Castiglioni believes an Esco type approach makes storage projects more viable.
“We started from the issue of making the project bankable or investible. That is difficult when you are only relying on a short-term revenue stream,” he says.
“So if you add energy savings to the mix, you create long-term contracted revenue on the battery. On top of that you can do Capacity Market, which is 15-years. That leaves FFR, which is short-term, but at least you have created a bulk of long-term revenue that can amortise the full cost of the battery under the contract.”
Taking that approach, the firm is targeting a 150MW storage portfolio within the next two years. Castiglioni admits that is ambitious and that engaging customers will be key within this emerging sector.
“Doing business with customers is not straightforward. We have experience with energy efficiency so we understand how complex it is. It is not like building a solar park, which, once you have planning and connection, is easy to do,” he says.
“But people are getting up to speed and they know batteries can benefit their business and give them an edge – because if you have lower opex, it is money you can put somewhere else in your operation.”
Ambitious targets suggest Ingenious has faith that its business model will attract customers and that it can overcome issues around certainty and visibility of revenue. Castiglioni accepts that FFR revenues may fall markedly, as some predict, but suggests that risk is counterbalanced by market fundamentals.
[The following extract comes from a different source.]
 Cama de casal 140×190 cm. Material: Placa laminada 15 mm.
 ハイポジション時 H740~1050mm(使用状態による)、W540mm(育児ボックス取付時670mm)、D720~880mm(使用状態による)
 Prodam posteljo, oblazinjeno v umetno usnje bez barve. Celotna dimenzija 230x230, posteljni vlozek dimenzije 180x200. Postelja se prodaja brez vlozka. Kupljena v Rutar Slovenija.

“We are comfortable that the need for battery will still be there,” he says.
“The more intermittent renewable generation that is put onto the grid, the more batteries we need. The more that older generation comes off the system the more batteries are needed on the grid.
“So, we take comfort from the fact that there will be a need for battery storage. But also from the high flexibility of the asset itself; it can chase different revenues and do different things. Unlike a solar plant, where if you kill the subsidies you kill the project, the battery can actually chase different revenues,” says Castiglioni.
“So we know things will change, but we are confident that the battery will be flexible enough to chase different revenues.”
Castiglioni takes a similarly pragmatic view on technical risk around potential asset degredation as a result of performing multiple services.
“Warranties are important [and]more importantly who’s providing them. We will operate with suppliers that are going to be there for us in the long run. Experience says that things can go wrong, so we are focusing on top tier suppliers.”
As in any market, Castiglioni says credible suppliers will tackle problems should they emerge.
“The worst-case scenario is that in year ten, you start putting in some new cells, maybe second life, maybe new technology,” he says.
“The technology is moving so quickly. The revenue stream is changing. There are so many different variables that it is impossible to model all of the potential scenarios that may arise.
“Ultimately we need to take comfort from the underlying asset.”
While Ingenious perceives a growth opportunity for its business, Triodos Bank’s Philip Bazin believes the market may end up being relatively small, compared to the renewables sector.
“We can see a longer-term demand, the question is how much demand, how much supply and what are the barriers to entry. At the moment, there are simply a lot of unknowns,” he says.